Reason number twelve is that sticking around for a bit longer meant that I got to see the growth of my relationship with my sister. Growing up we were constantly fighting. A large reason for this was the five and a half year age gap between us. This meant, that for a lot of my childhood, we had very different needs and hers often required more attention. It wasn’t until recently that our relationship has moved passed the sibling rivalry and into one I would consider a friendship. We still fight here and there, but I feel connected with her more than I ever did before. This, is one of the best things that staying around has given me.
 
Finally, it is learning how many people truly do care about me. I came to learn this in two ways.

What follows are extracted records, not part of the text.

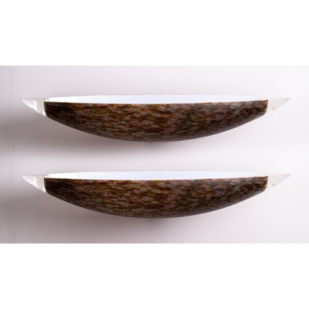 Coppia di lampade da parete ad una luce, corpo semiellittico in vetro lattimo, trasparente e con finitura ossidata.
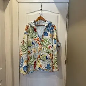 Dive into style with this vibrant quilted jacket featuring a playful aquatic design. Perfect for adding a splash of color to your wardrobe.
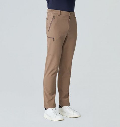產品特性  前方兩側拉鍊口袋、右前口袋內側織帶吊耳(可掛鑰匙)、右側拉鍊開袋設計+LOGO繡花、後上兩個拉鍊開袋、膝圍處車摺及褲底三角岔布增加活動量
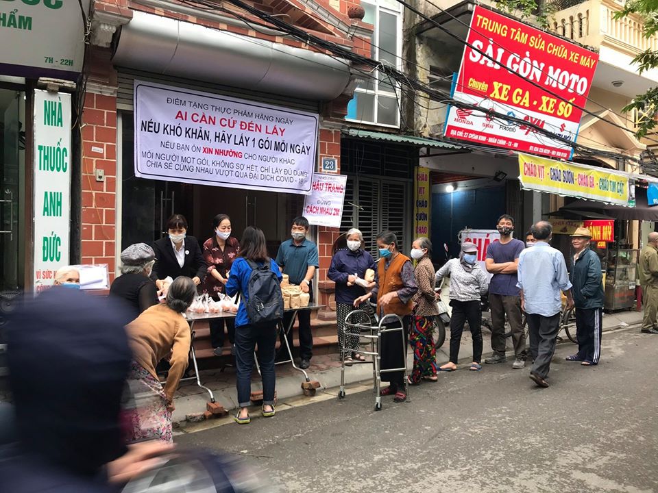 La primera fase del programa “Tómalo si lo necesitas”, promovido por el empresario Nguyen Phan Huy Khoi y su esposa, se desplegó durante el mes de abril en el distrito de Dong Da, Hanói, desde donde miles de porciones alimentarias gratuitas fueron distribuidas a los necesitados en más de 60 distritos de la capital. La enorme cantidad de alimentos fue donada por colegas y amigos de Khoi que son inversionistas en múltiples sectores, así como bondadosos que supieron de esta iniciativa a través de redes sociales.
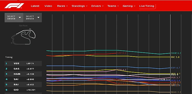 На официальном сайте «Формулы-1» в разделе лайвтайминга на странице «выступлений» появились оценки пилотам за Гран-при Бразилии, основанные на данных телеметрии.
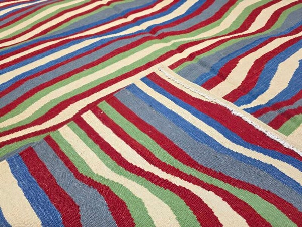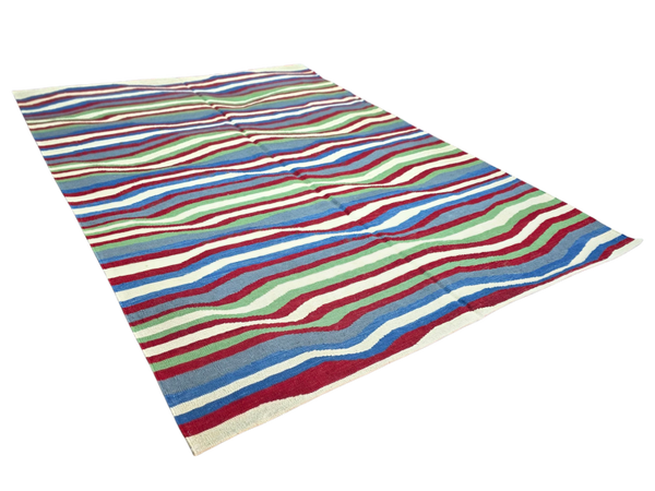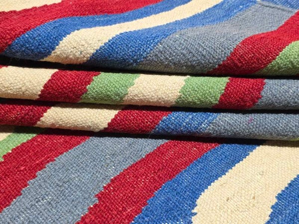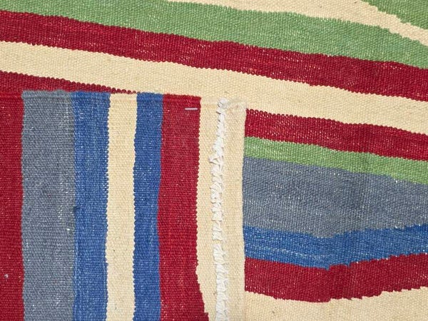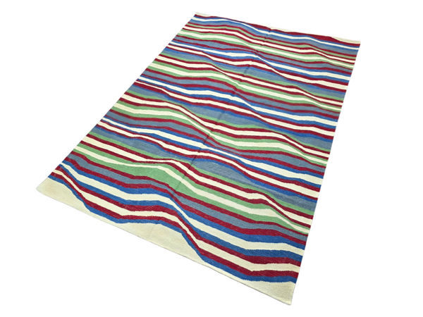 Travail contemporain d’artisans, multicolore dans les tons vert et beige. Tissé à la main de la laine mouton soigneuse sur la chaîne en coton.
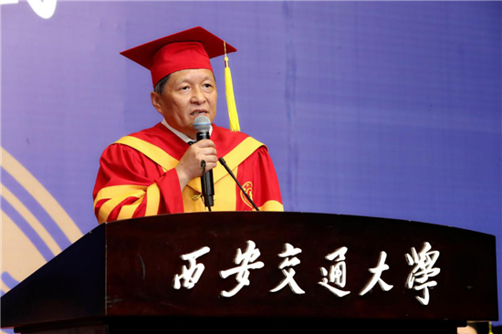 Wang Shuguo, president of Xi'an Jiaotong University, addresses at the graduation ceremony of his school held on Saturday. |
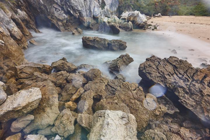 Estamos hablando de la playa de Gulpiyuri, una joya geológica e interior que redefine el concepto clásico de litoral, cuyo nombre significa “círculo de agua”. A apenas 100 metros de la costa, en pleno concejo de Llanes, se abre paso un pequeño arenal de unos 40 metros de longitud cuya existencia se debe al colapso de las aguas del Cantábrico con las rocas kársticas, hasta el punto de crear una cueva cuyo techo colapsó y creo esta depresión.

The first was when I was open about my mental health struggles on Facebook and received nothing but undying love and support, and the second was at my graduation when many of my friends popped by to say congratulations. However, I look back now and realise that the people who showed support on these occasions were always there, I just didn’t see them through the fog. Now I make note of the little things, and I realise that so many people do care about me and they show it every day. Sometimes it’s a cat video from my Mum, other times its when my house mate does the cleaning because she knows I’m stressed out of my mind. At the end of the day, people care, and if you look through the fog of mental illness, you’ll find them.
 
So there you have it, thirteen reasons why I’m glad I stuck around, and if you stuck around to read this far, I’m blood proud of you because this was one long post. If you ever think that ending your life is the only way to make things better, I promise you it isn’t, because even though I’m still struggling I’m sure glad I didn’t end my life, because life is beautiful; it isn’t perfect but it sure is an incredible gift.